Member of the Canadian Parliament for Selkirk
- In office April 13, 1970 – July 8, 1974
- Preceded by: Edward Schreyer
- Succeeded by: Dean Whiteway

Personal details
- Born: June 14, 1940 (age 86) Regina, Saskatchewan
- Party: New Democratic Party

= Doug Rowland =

Canadian politician

Douglas Charles Rowland (born June 14, 1940) is a former Canadian politician who served as the member of Parliament for the riding of Selkirk from 1970 to 1974.

== Career ==
Before entering politics, Rowland served on several boards in the not-for-profit sector as well as on management committees in government and the private sector. For five years, he was chair of the board of directors of the Canadian Association of Former Parliamentarians (CAFP) and is now a member of the editorial board of the CAFP. Rowland is president emeritus of the International Election Monitors Institute formed jointly by the CAFP, the United States Association of Former Members of Congress and the Former Members Association of the European Parliament. He is a former member of the board of directors of the Parliamentary Centre and a past fellow of the Centre for the Study of Democracy at Queen's University, Kingston, Ontario and the first Canadian member of the International Solidarity Committee of the Washington-based Freedom House. He is the former president of the Friends of the Canadian War Museum.

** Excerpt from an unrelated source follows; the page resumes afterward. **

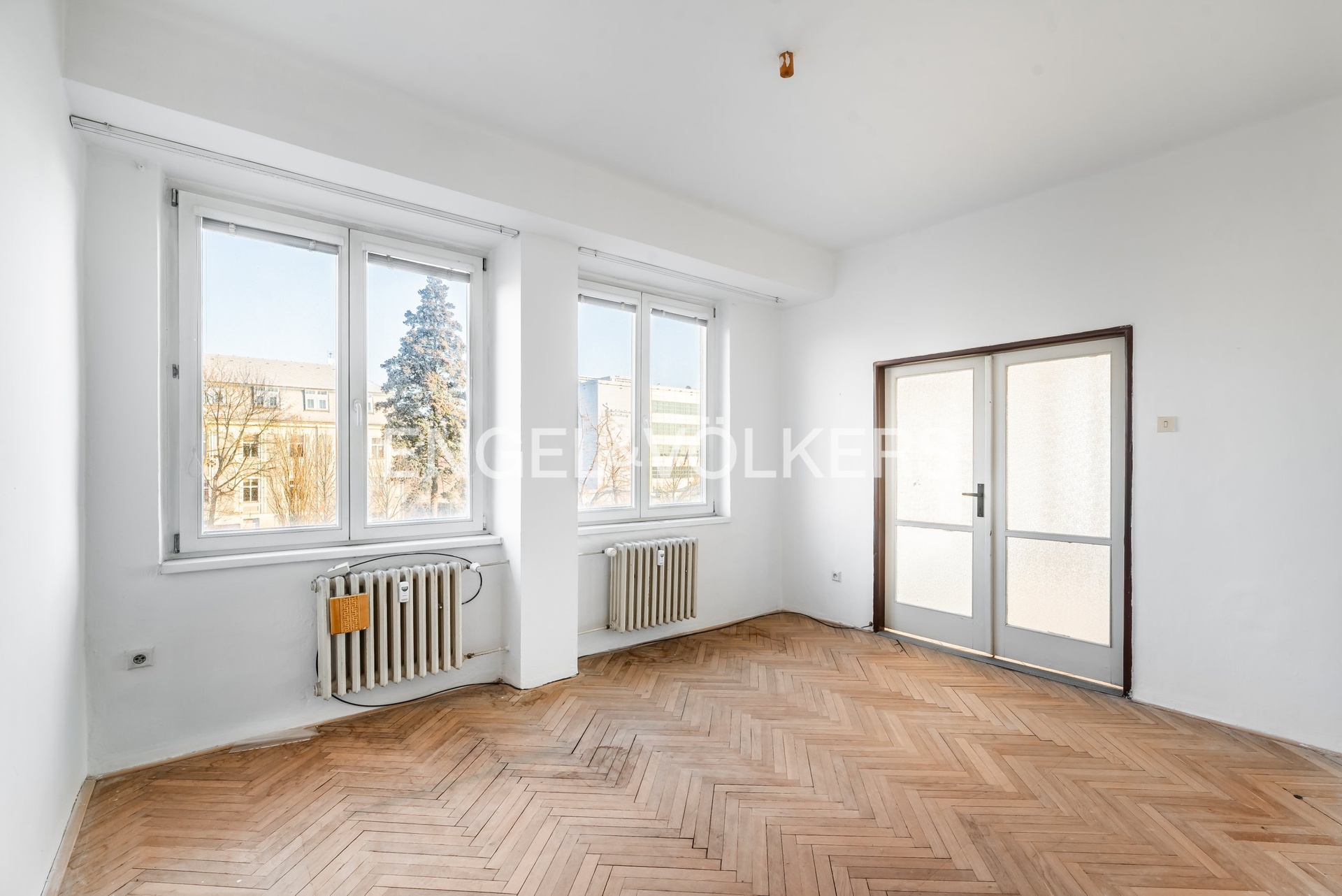 The apartment is intended for complete renovation, allowing the new owner to create a home exactly according to their own ideas and needs. At the same time, it is a very interesting investment opportunity – whether for long-term rental or subsequent appreciation after sensitive modernization. The layout offers an entrance hall with access to all rooms, a bathroom, a separate toilet, and two separate rooms that are also interconnected by a door. The apartment is oriented to the north towards Vinohradská Street and to the east towards a park, bringing a pleasant combination of urban environment and greenery. In its current state, there are wooden parquets, tiles, linoleum, and double-glazed wooden windows. Heating is provided centrally. The property also includes a 2 sqm cellar cubicle in the basement of the building. Parking is possible in the blue zones in the vicinity.

For nine years, Rowland was a member of the board of trustees of The Salvation Army Ottawa Grace Hospital and, for six of those years, chair. He was a member of the founding board of the New Ottawa Hospital. He is a past chair of The Salvation Army Advisory Board for Ottawa. He also chaired The Salvation Army Capital Campaign task group of Ottawa and was a member of The Salvation Army Territorial Advisory Board. He served as a member of the Ottawa committee for the Canadian War Museum Passing the Torch campaign. He also serves on the board of directors of the Canadian Shield Foundation and is a volunteer van driver for Unitarian House Retirement Home.

Rowland was a federal member of Parliament in the early 1970s. During both Parliaments in which he served, he held the post of Defence Critic for the New Democratic Party. Prior to his election, he had been chief of staff to the Manitoba Provincial NDP leader, Russell Paulley, and Principal Secretary to Federal NDP leaders T. C. Douglas and David Lewis. He played a leading organizational role in the NDP victory in Manitoba in 1969 following which he became Special Assistant to the Premier, Ed Schreyer, and Associate Secretary to the Cabinet. Subsequently, he held a series of senior executive positions within the central agencies of the federal government including Assistant Secretary to the Cabinet for Federal-Provincial Relations. He moved from the government to hold senior positions in a Crown Corporation and in an international marketing services firm.

Rowland has been active in governance and democracy work internationally. He has had assignments in Morocco, where he developed a domestic election monitoring organization, in Mexico, in the former Yugoslavia, and in Indonesia. In January 2006, Rowland headed the six-person International Mission for Iraqi Elections’ Assessment Team sent to Baghdad to analyze the December 2005 Iraqi election results. In 2007, he participated in election monitoring missions in Morocco and Ukraine. In March 2010, he headed a six-person Election Monitoring team to Iraq composed of former legislators from the United States, Sweden, the United Kingdom, and Canada. He was an election observer in Kazakhstan with the OSCE in 2011.

Rowland holds a Bachelor of Arts degree from St. John's College, University of Manitoba, a Master of Arts degree in Political Science from the University of Manitoba, and received a "distinction" for his doctoral studies in Canadian government and international relations at McGill University.

He served in the Royal Canadian Navy (Reserve) receiving several awards as a naval cadet. As a lieutenant, he served on continuous naval duty in a frigate of the Atlantic fleet. He attained the rank of lieutenant commander. He holds the Canadian Forces' Decoration (C. D.) and the Queen Elizabeth II Diamond Jubilee Medal.